Trait WriteShutdown

Source
pub trait WriteShutdown: Write {
    // Provided method
    fn shutdown(&mut self) -> Result<(), Error> { ... }
}
Expand description

Notify the writer that there will be no more data written. In context of TLS providers, this is great time to send notify_close message.

Provided Methods§

Source

fn shutdown(&mut self) -> Result<(), Error>

Initiates or attempts to shut down this writer, returning when the I/O connection has completely shut down.

For example this is suitable for implementing shutdown of a TLS connection or calling TcpStream::shutdown on a proxied connection. Protocols sometimes need to flush out final pieces of data or otherwise perform a graceful shutdown handshake, reading/writing more data as appropriate. This method is the hook for such protocols to implement the graceful shutdown logic.

This shutdown method is required by implementers of the AsyncWrite trait. Wrappers typically just want to proxy this call through to the wrapped type, and base types will typically implement shutdown logic here or just return Ok(().into()).
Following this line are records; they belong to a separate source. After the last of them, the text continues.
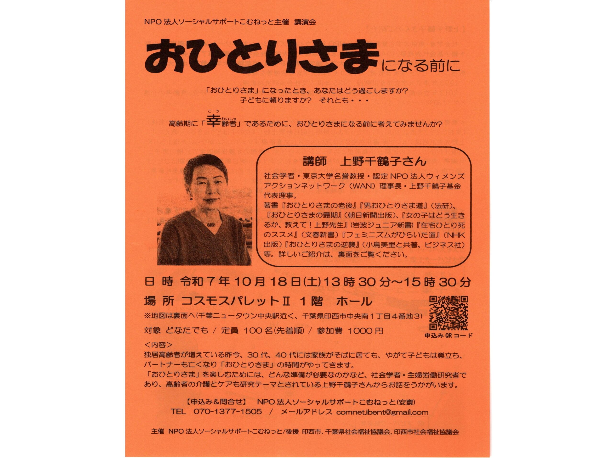 講演会「おひとりさまになる前に」2025年10月18日(土)開催。申込&問合せは「こむねっと」まで。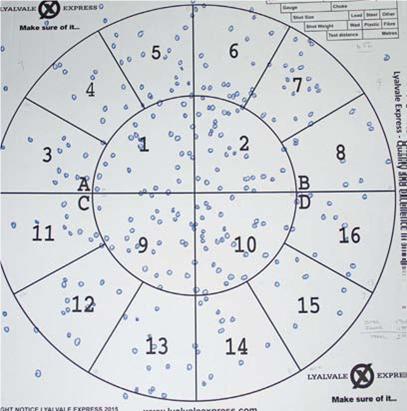 This was by far the best loading combination with this shotgun and choke setup. Recoil was mild, despite the obvious good speed and the patterns were superb. More strikes obviously with the smaller shot size of No. 7.5 and a total of 295 pellets. Incredibly even density also, that repeated with dense 119 inner circle hits and 176 other 30-inch strikes with great distribution. What a great closer range partridge or vermin load, superb.
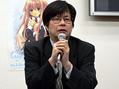 発表会では,最初にブロッコリー 代表取締役会長兼最高開発責任者 木谷高明氏と,サーカスの“tororo団長”こと松村和俊会長が登場し,挨拶に続いて開発秘話を披露した。 木谷氏は「うちで展開している作品には,お笑いはあったけれど,本道を行く恋愛ゲームがなかった。お店(注:「ゲーマーズ」各店舗のこと)では売れているのに。その意味で,憧れていたギャルゲーが発表できてたいへん嬉しい」と語り,松村氏は「ゲームの設定期間は高校3年生の10月から半年間。人生でいちばん切ない時期を選んでいます。楽しいこともあるから,悲しみも深くなるといった,奥深い展開を描いていきたいと思います」と述べ,それぞれに感慨と意気込みを示した。 それに続いて,開発企画のための合宿は群馬県の伊香保温泉で2年前に行われ,二日間でほぼ作品のアウトラインを描くところまでもっていったこと,温泉宿に留めていた木谷氏の愛車に旅館の職員が車をぶつけて壊し,木谷氏としては「本当に涙が出た」ことなど,作品のモチーフと微妙にオーバーラップする感じの“オヤジトーク”で,制作にまつわるエピソードが語られた。 また,木谷氏の「いま現に学生である人が,学園恋愛アドベンチャーを買うのが奇妙に思えたけれど,よく考えてみれば自分も学生時代に,集英社のコバルト文庫とかを読んでいた。そういう感覚なのかもしれない」という発言は,作品の性格と木谷氏のパーソナリティ,両方が窺えてなかなか興味深かった。

Note that if you’re wrapping an underlying AsyncWrite a call to shutdown implies that transitively the entire stream has been shut down. After your wrapper’s shutdown logic has been executed you should shut down the underlying stream.

Invocation of a shutdown implies an invocation of flush. Once this method returns it implies that a flush successfully happened before the shutdown happened. That is, callers don’t need to call flush before calling shutdown. They can rely that by calling shutdown any pending buffered data will be written out.

§Errors

This function can return normal I/O errors through Err, described above. Additionally this method may also render the underlying Write::write method no longer usable (e.g. will return errors in the future). It’s recommended that once shutdown is called the write method is no longer called.